I was excited to see roti on the menu. Roti is like an Indian-influenced curried potato and meat burrito. If you recall they had smaller handheld versions of these in Trinidad and Tobago. Well Grenada takes it one step awesomer and adds conch meat in the mix.

Boom you just got flavor exploded.

Went for that nutmeg ice cream afterward.

Our waiter was super funny. He saw me flipping through the guidebook and was like "if you like books you should read this book about Grenada." I think that might be my first waiter book recommendation.

Our guidebook said that the Grenada National Museum wasn't that great but it was only $3 to get in so what the heck. A good life lesson is that if you keep your expectations really really low then you are immune to disappointment.

There was some antique rum making equipment.

Some pictures of the aforementioned MV Bianca C on fire on the right then under the water, not on fire, on the left.

A picture of Prime Minister Bishop hanging out with the Castro brothers. Things did not turn out well for him.

And obviously there had to be a painting of a lady wearing a dress made out of nutmeg. The anticipation for tomorrow's tour of the nutmeg factory may be too much for me to bear. Nutmeg.

We were now in cruise chump territory and there was a little choo-choo for the cruise chumps to ride around on so they didn't have to use their legs or speak to anyone.

The path from the cruise ship dock to the city was like a long shopping mall gauntlet.

Lydia wrote some postcards while I taught some random British woman how to use her iPad so she could facetime with her grandkids.

They had a fort. Fort George. Why not?

The local lizards had some sweet little orange neck things that they could inflate.

I'd like to formally add "fire an old cannon" to my bucket list. And if we're getting specific, I'd like to fire it at a cruise ship.

We had a discussion of the difference in projectile trajectories of mortars versus traditional cannons which I can safely say Lydia was riveted by.

I saw this church's spires from multiple points of the city so I was interested in checking it out up close. It turned out that times were pretty tough.

Trippiest travel agent advertising ever.

Lydia babysat some random child at the hotel pool while I avoided the child at the hotel pool.

We headed down to the beach to watch the sun set.

I found some coral that looked like a unicorn horn.... maybe you had to be there.

Cummin' Up was a delightful little food truck-looking thing on the beach.

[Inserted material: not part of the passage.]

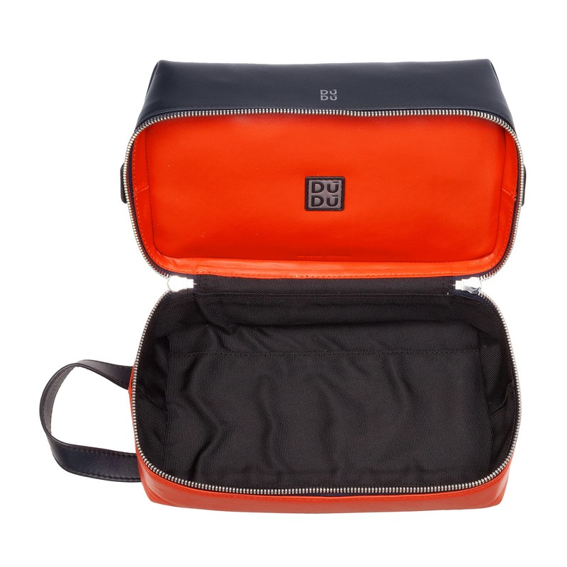 The Beauty Case in leather from the Colorful collection has been designed for the modern globetrotter and allows you to travel comfortably with light luggage. This cool accessory has a double zip and a water resistant nylon lining that can be cleaned with a damp cloth. A compact yet spacious toiletry bag for frequent travellers: if you want to take fewer things with you, you can reduce the volume of your beauty case with the practical closable sides. If you are going on a longer holiday, leave the sides open to create more space. Brand: DuDu

The menu was written on the wall in marker. There were only two choices, and we'd just had roti for lunch so that sort of narrowed it down. I went with the jerk chicken, rice, and green salad.

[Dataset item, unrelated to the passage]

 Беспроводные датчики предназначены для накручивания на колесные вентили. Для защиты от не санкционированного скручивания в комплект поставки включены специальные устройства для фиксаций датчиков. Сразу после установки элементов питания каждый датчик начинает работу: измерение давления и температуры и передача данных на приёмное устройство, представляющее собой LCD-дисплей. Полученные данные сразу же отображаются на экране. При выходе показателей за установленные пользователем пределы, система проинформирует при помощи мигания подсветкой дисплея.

It was dark so you can't see anything in this video but it's more of an imperfect attempt to capture a perfect Caribbean moment. We were dining on the beach, sitting next to some locals, listening to the waves roll in with some Bob Marley playing in the background. A guy came by trying to sell us some mangoes out of a bucket. I admired his pluck but I didn't need any bucket mangoes in my life at that time.

By this time the guy at Esther's bar by the beach knew our names. The banana coladas smell like lovely nutmeg. Lydia said they're like banana splits mixed with eggnog.